21st May 2021, 11 min read

Counting the number of matching characters in two ASCII strings

14 thoughts on “Counting the number of matching characters in two ASCII strings”

Marc Bommert says:

May 21, 2021 at 3:45 pm

An optimizing compiler will turn these function calls into a single
load instruction.

Mmmh, I would not rely on that. The strinsg have to be aligned to a multiple of 8 byte to do so. How should the compiler know? Maybe in cases where this function is inlined (which would require it to be qualified with static visibility) but not on a general basis I guess.
1. Daniel Lemire says:
  
  May 21, 2021 at 5:33 pm
  
  The strinsg have to be aligned to a multiple of 8 byte to do so.
  
  Compilers are hardware-aware are most hardware you might care about (x64, 64-bit ARM) can load data from any address, aligned or not. You should expect these memcpy function call to be compiled to a single instruction. And it is a fast instruction. See my post Data alignment for speed: myth or reality? for more details.
  1. Marc Bommert says:
    
    May 21, 2021 at 8:01 pm
    
    You are right. I’m in a different domain with mostly 32-Bit ARMs, PPC, MIPS, AVR, where the compiler would generated particular instructons for byte, word and dword access or you would at least get a significant perfomance penalty in the silicon from unaligned access in case the chip is capable of it. Has to be considered and measured for a specific hardware to be really sure here. Thanks for the article.
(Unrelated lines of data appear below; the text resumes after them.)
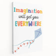 Inspire creativity and curiosity with this Imagination Inspirational Wall Art. Featuring the uplifting quote, "Imagination will get you everywhere," in a playful and colorful design, this Kids Educational Wall Art serves as a daily reminder for children to dream big. The whimsical kite illustration adds a fun, airy touch, making it a perfect Children’s Learning Art Print for playrooms, classrooms, and nurseries.
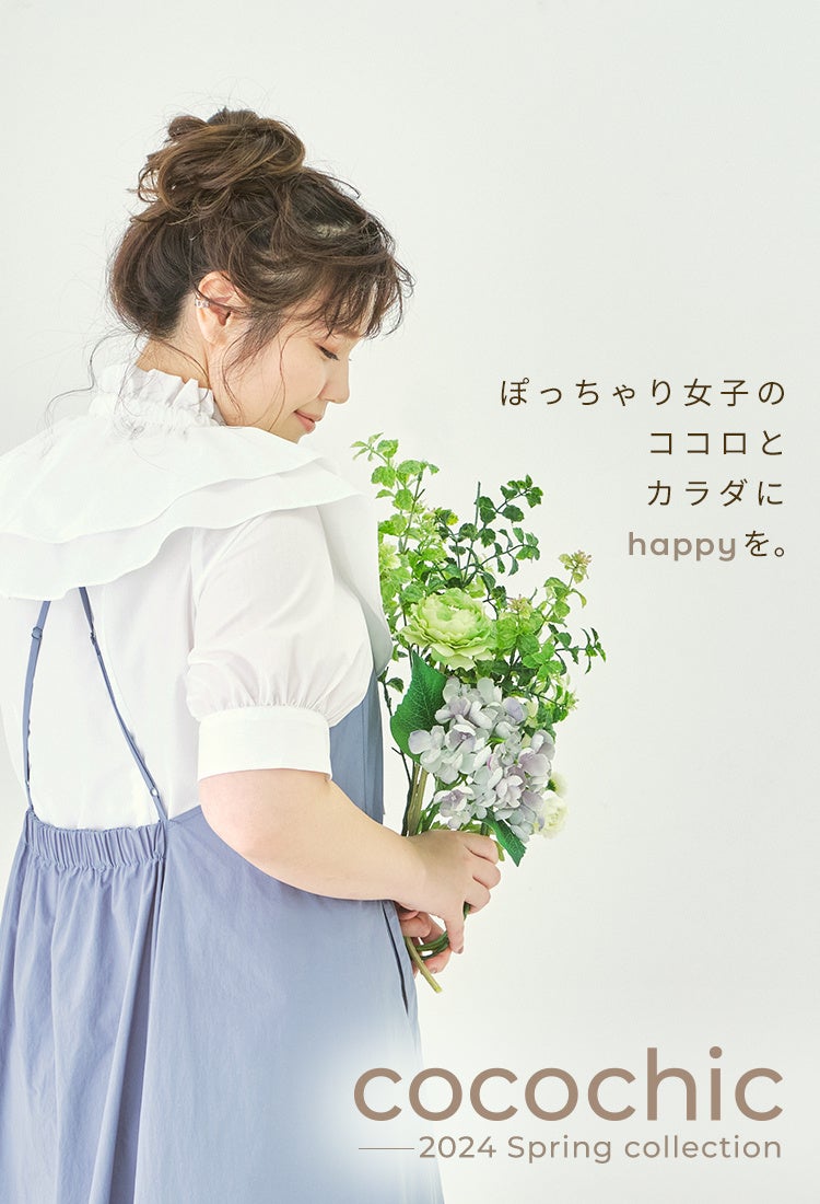 オンラインストアでは、トレンドに合わせたデザインを取り入れ、ファッションをもっと身近に感じられるように。オン/オフ問わず、多様なライフスタイルに寄り添うアイテムを6,000円~15,000円(税抜き・2024SS)の価格帯で提供します。cocochicは、ぽっちゃり女子が直面するファッションの悩みを解消し、着ることの楽しみと喜びを提供し続けていきます。
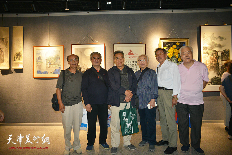 左起:赵英堂、房树常、白慧敏、阮克敏、刘季雨、只杏林、王春山在画展现场。
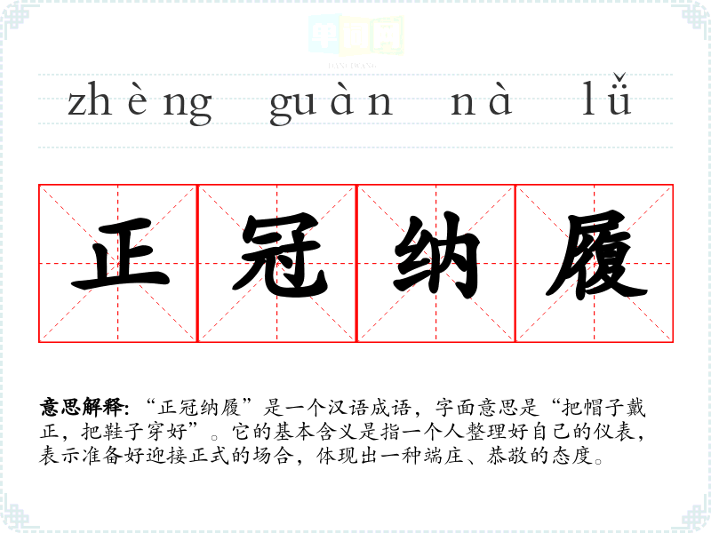 “正冠纳履”是一个汉语成语,字面意思是“把帽子戴正,把鞋子穿好”。它的基本含义是指一个人整理好自己的仪表,表示准备好迎接正式的场合,体现出一种端庄、恭敬的态度。

Good to know modern CPUs seem to be so much more merciful here.
    1. Daniel Lemire says:
      
      May 21, 2021 at 8:34 pm
      
      You are correct, on some old or small processors, there might be a significant performance penalty to unaligned loads, but even then, you’d expect the compiler to basically get the job done. If the platform lacks an unaligned load instruction, it will have to do some computations to figure out the alignment, do two loads, and fuse the result. It will be harmful.
      
      But most people do not program for such small processors.
      
      It used to be that “mobile” computing meant “small and limited”, but even an old iPhone can do unaligned loads and more.
      1. Marc Bommert says:
        
        May 21, 2021 at 9:39 pm
        
        it will have to do some computations to figure out the alignment
        
        Well, it can’t. That is what I was referring to initially.
        The memcpy implementation will have to respect the aligment dynamically during runtime.
        
        The addresses of s1 and s2 are not known since the function is exported. LTO may catch this, though. Unsure.
        
        Daniel Lemire says:
        
        May 21, 2021 at 10:07 pm
        
        The memcpy implementation will have to respect the aligment dynamically during runtime.
        
        Well, it cannot know the alignment at compile-time, but it could figure it out at runtime.
        
        However, thinking twice about the problem, I think that what an optimizing compiler might do is load 8 bytes (using 8 instructions) and then combine them using shifts. It is going to be expensive at least in terms of instruction count.
        
        What I described at first would not work because it would entails reading more bytes than necessary.
Daniel deLamare says:

May 21, 2021 at 5:06 pm

Pardon my ignorance, but couldn’t the memcpy be avoided if we instead type x and y and uint64_t* and assign the address instead of copying the bytes? For example: x = (uint64_t*)c1 + i; Or would this be the same or worse after being put through an optimizing compiler?
1. Daniel Lemire says:
  
  May 21, 2021 at 5:37 pm
  
  couldn’t the memcpy be avoided if we instead type x and y and uint64_t* and assign the address instead of copying the bytes?
  
  You have to load the data into a register one way or another. A load cannot avoided. Some x64 instructions can take an address as a parameter, but there is effectively a load happening in any case…
  
  I use memcpy to avoid undefined behaviours. Doing a cast to a wider type is not good C code. You have to use a memcpy or the equivalent (in C, C++).
  
  Or would this be the same or worse after being put through an optimizing compiler?
  
  If you are using undefined behaviour, the risk is that the compiler could do something wrong.
  
  Otherwise, I have no way to think that avoid a memcpy could ever speed things up.
  1. Vincenzo Romano says:
    
    May 21, 2021 at 7:22 pm
    
    ASCII only
    1. Daniel Lemire says:
      
      May 21, 2021 at 9:06 pm
      
      I do not understand the comment.
      
      Yes, my code above effectively compares bytes so as-is it assumes ASCII. You can rather easily extend it to UTF-16 if you check for surrogate pairs. Matching UTF-8 characters would be a fun challenge. But then matching UTF-8 would be tricky no matter what.
      
      If you decode to UTF-32 first, then matching the characters fast is the last of your concerns.
Steve Fink says:

May 21, 2021 at 9:48 pm

Note that you specified ASCII, so the high bit will always be clear, so t1 will always be 0x8080808080808080LL.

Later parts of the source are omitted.